Limitations & Future Work¶
- The Curse of Dimensionality is Not Eradicated: Maintaining quality in high dimensions still requires enough data because kNN graph kernel estimation degrades in high dimensions; the quality of \(\hat\Gamma\) is significantly affected by \(k\) (number of neighbours).
- Limited Scenarios for Gains: On large-scale, uniformly sampled data, CDC-FM converges with FM. The marginal gains of geometric noise vanish as implicit regularisation strengthens — the method's positioning is for "low-data/heterogeneous/strong geometric structure" rather than a universal performance boost.

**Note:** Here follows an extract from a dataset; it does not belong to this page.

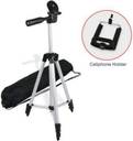 The tripod's three-way head allows for ultimate versatility. Easily change the orientation of the camera from portrait to landscape, Phone bracket is adjustable and lightweight, easy to use and carry with. With standard tripod hole, you can install in any 1/4" tripod stand

- Hyperparameter Sensitivity: \(\gamma, d_{cdc}, k, k_{bw}\) require grid search; a \(d_{cdc}\) rank that is too large may cause slight quality drops due to noise leakage in off-manifold directions.
- Future Work: Combining with learned manifold methods, latent space diffusion, or adaptive regularisation strength selection could further extend the benefits to higher-dimensional large-scale data scenarios.
Related Work & Insights¶
- Generative Modelling under the Manifold Hypothesis: Unlike methods constrained to predefined or learned manifolds (Riemannian FM, Kapusniak et al. 2024), this work treats geometry as regularisation rather than a constraint — adding anisotropic diffusion only in the probability path, making it lighter and more flexible.
- Quality-Generalisation Trade-off in Diffusion Models: Echoes research by Yoon et al. (2023), Ross et al. (2025), and Achilli et al. (2024) on memorisation and intrinsic dimensions, transferring these insights from diffusion to FM, which was previously less studied (Bertrand et al. 2025 proved optimal FM vector fields memorise).
- Geometric Regularisation: Compared to earlier uses of tangent information (Simard 1991, Rifai 2011) to regularise losses in supervised learning, CDC-FM brings geometric regularisation to generative modelling and applies it to the probability path rather than the loss.
- Insights: Integrating "Data Geometry \(\leftrightarrow\) Generalisation/Memorisation" into a unified mathematical framework suggests that local geometric noise can serve as a universal, plug-and-play regularisation tool for generative models, especially in low-sample AI for Science scenarios.
Rating¶
- Novelty: ⭐⭐⭐⭐⭐ — Introducing carré du champ / diffusion geometry into FM probability paths and designing anisotropic noise based on the geometric root cause of memorisation is a novel and systematic approach.
- Experimental Thoroughness: ⭐⭐⭐⭐ — Five types of data × three architectures, including synthetic controlled experiments and real scientific/image data. Solid ablations (\(\gamma, d_{cdc}, k\), dimension, data volume); however, gains on large-scale images are limited, and comparison with more SOTA regularisation baselines is lacking.
- Writing Quality: ⭐⭐⭐⭐ — Progressively builds motivation; good coordination between text and figures; clear correspondence between theoretical propositions and algorithms. High formula density may pose a barrier for readers without a geometry background.
- Value: ⭐⭐⭐⭐ — Plug-and-play and scalable, with high practical value for low-sample/heterogeneous data scenarios in AI for Science. Provides a reusable geometric framework for memorisation research in generative models.